Tak lama setelah itu, Nurhaci melancarkan serangan terhadap Ming, mengusir mereka dari wilayah Liaoning di Manchuria selatan.

Di tengah gempuran krisis keuangan dan pemberontakan petani, Dinasti Ming yang berkuasa di Tiongkok semakin terdesak.

Pada tahun 1640, didorong oleh kelaparan, ketidakmampuan membayar pajak, dan hilangnya rasa takut terhadap tentara Ming yang melemah, ribuan petani Tiongkok bersatu dalam kelompok pemberontak besar.

Baca Juga: Kala Kertas Ujian Seorang Sarjana Dinasti Ming Gemparkan Dunia Maya

Militer Ming, terjebak dalam dua front pertempuran - melawan invasi Manchu dari utara dan pemberontakan petani di berbagai provinsi - praktis runtuh.

Pada tanggal 24 April 1644, Beijing, ibukota Ming, jatuh ke tangan pasukan pemberontak yang dipimpin oleh Li Zicheng, seorang mantan pejabat minor Ming yang kemudian mendirikan dinasti Shun.

Kaisar Ming terakhir, Kaisar Chongzhen, dilanda keputusasaan dan mengakhiri hidupnya dengan bunuh diri di taman kekaisaran.

Namun, Li Zicheng tak lama berkuasa. Dalam Pertempuran Shanhai Pass, pasukannya dikalahkan oleh gabungan pasukan Wu Sangui, seorang jenderal Ming, dan Pangeran Manchu Dorgon.

Pada tanggal 6 Juni, pasukan Manchu dan Wu Sangui memasuki Beijing dan mendirikan dinasti Qing. Kaisar Shunzhi yang masih muda diproklamirkan sebagai kaisar baru Tiongkok.

Pada tahun 1661, Kaisar Kangxi naik tahta, menandai awal era baru bagi Dinasti Qing. Segera setelah itu, pada tahun 1662, para wali penguasa melancarkan "Pembersihan Besar" untuk menumpas perlawanan para loyalis Ming di Tiongkok Selatan.

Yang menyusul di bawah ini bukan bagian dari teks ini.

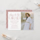Invite guests to celebrate the graduate with our stylish photo graduation party invitations! The modern graduation party invitations display your graduate's vertical senior photo. The phrase "cheers to the graduate" is featured in trendy dusty rose lettering. Personalise the front of the graduation party invitation by adding the graduate's name, school name, graduation year, and party details. The invite reverses to display a dusty rose and white trellis pattern.

Upaya ini berhasil memadamkan beberapa pemberontakan, termasuk Pemberontakan Tiga Feodal yang dipimpin oleh Wu Sangui di wilayah selatan Tiongkok pada tahun 1673.

Di bawah kepemimpinan Kangxi, Dinasti Qing mengalami periode ekspansi yang pesat. Melalui serangkaian kampanye militer, Kangxi berhasil memperluas wilayah kekaisarannya secara signifikan.

Namun, ambisi Kangxi untuk menguasai seluruh Tiongkok terhambat oleh keberadaan Kerajaan Tungning, sebuah negara pro-Dinasti Ming yang didirikan oleh Zheng Chenggong di Taiwan pada tahun 1662. Kerajaan ini bertujuan untuk merebut kembali Tiongkok dari Qing.

Pada tahun 1683, Kangxi melancarkan serangan terhadap Taiwan, tetapi gagal menaklukkan pulau tersebut.

Namun, pada tahun 1687, Laksamana Han Tionghoa, Shi Lang, yang sebelumnya juga pernah bertugas di bawah pemerintahan Ming, berhasil mengalahkan pasukan Zheng Chenggong dalam Pertempuran Penghu.